# Best time to breed?



## BoerMaster23 (Nov 8, 2012)

I have 6 boer/kiko cross nannies I'm wanting to breed in the last week of this month so they will kid in early spring, but I was wanting to know what you guys think is the best time just curious?
Thank You!


----------



## ksalvagno (Oct 6, 2009)

I think the best time is what works for your farm.

I like winter kidding because by the time coccidia is in full swing, my kids are older. I'm also home and can be right there when they kid. Plus there isn't a lot going on so I can spend more time with the kids. But I have dairy goats.

Some people breed around the holidays where people would want goat meat.

But like I said, do what works best for you.


----------



## 20kidsonhill (Feb 28, 2011)

I like winter kidding because coccidiosis and worms are less of a problem and the kids can get a big headstart before the spring and summer. Also, harder on our does to have them nursing kids in the late spring/summer months. 
Also, our fairs are mostly August/September and we need our goats to be 80 to 100 lbs at that time, so we need to kid December through February to have the proper weights for our wether market. 

I also find that doelings for replacement sell much better in the springtime. so I like for them to be weaned and available my April and May. Lots of people are thinking about expanding and starting new adventures in the spring. 

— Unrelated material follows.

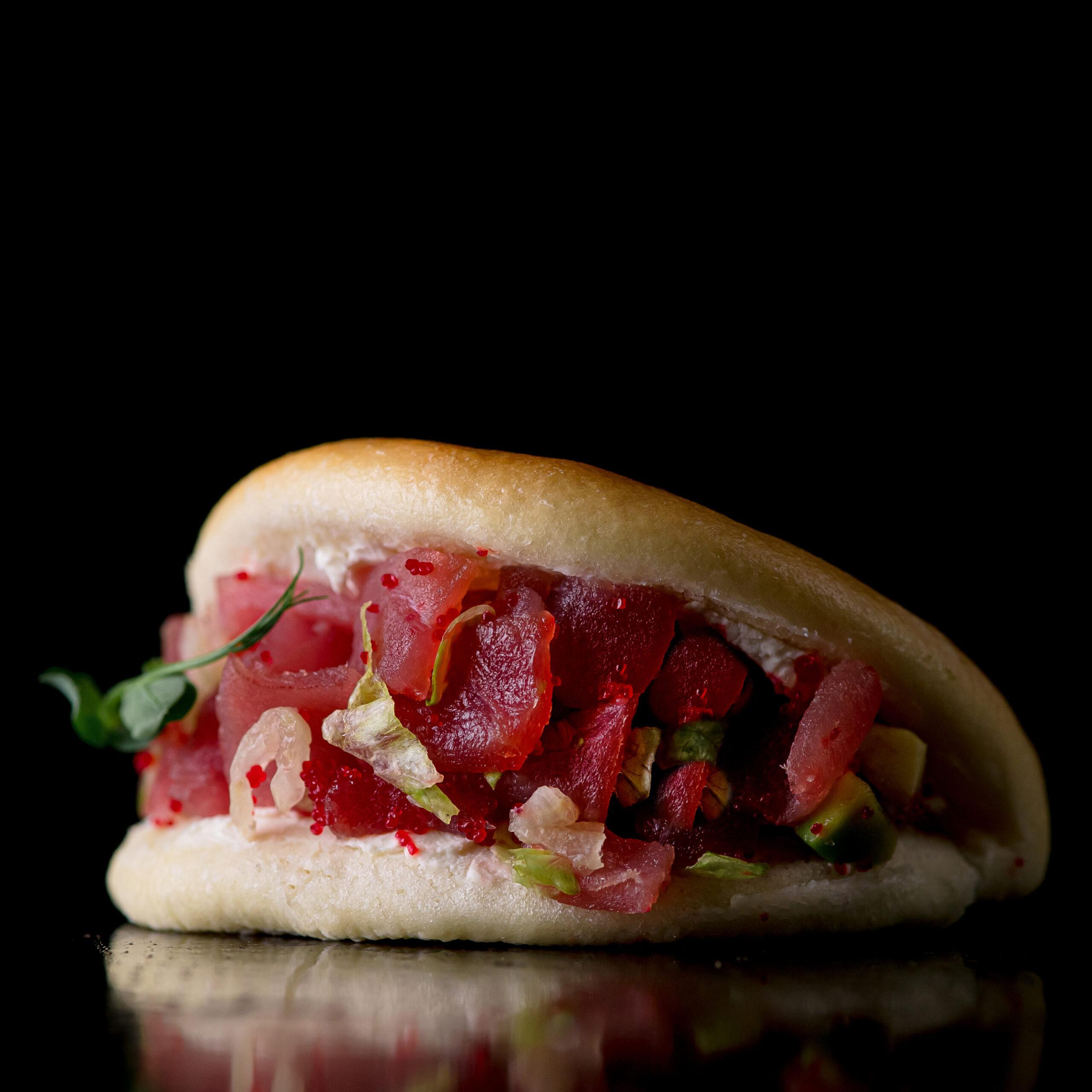 Булочка бао, тунец, ікра летючої риби, крем-сир, авокадо, айсберг, мікрогрін, соус медово-гірчичний.

Also, the meat market is normally lowest in June through September and starts to go up again in October/November, so you either need to sell your meat kids May or sooner or hold them until late fall.


----------



## 8566 (Jul 18, 2012)

I'm not sure what your market is but I would have to give the obvious .... when the does are ready and you'll be there for kidding.


----------



## nancy d (Oct 5, 2007)

By the time our Boers are ready it's fall when they are over a year old. We usually kid Jan-March for the reasons stated above.


----------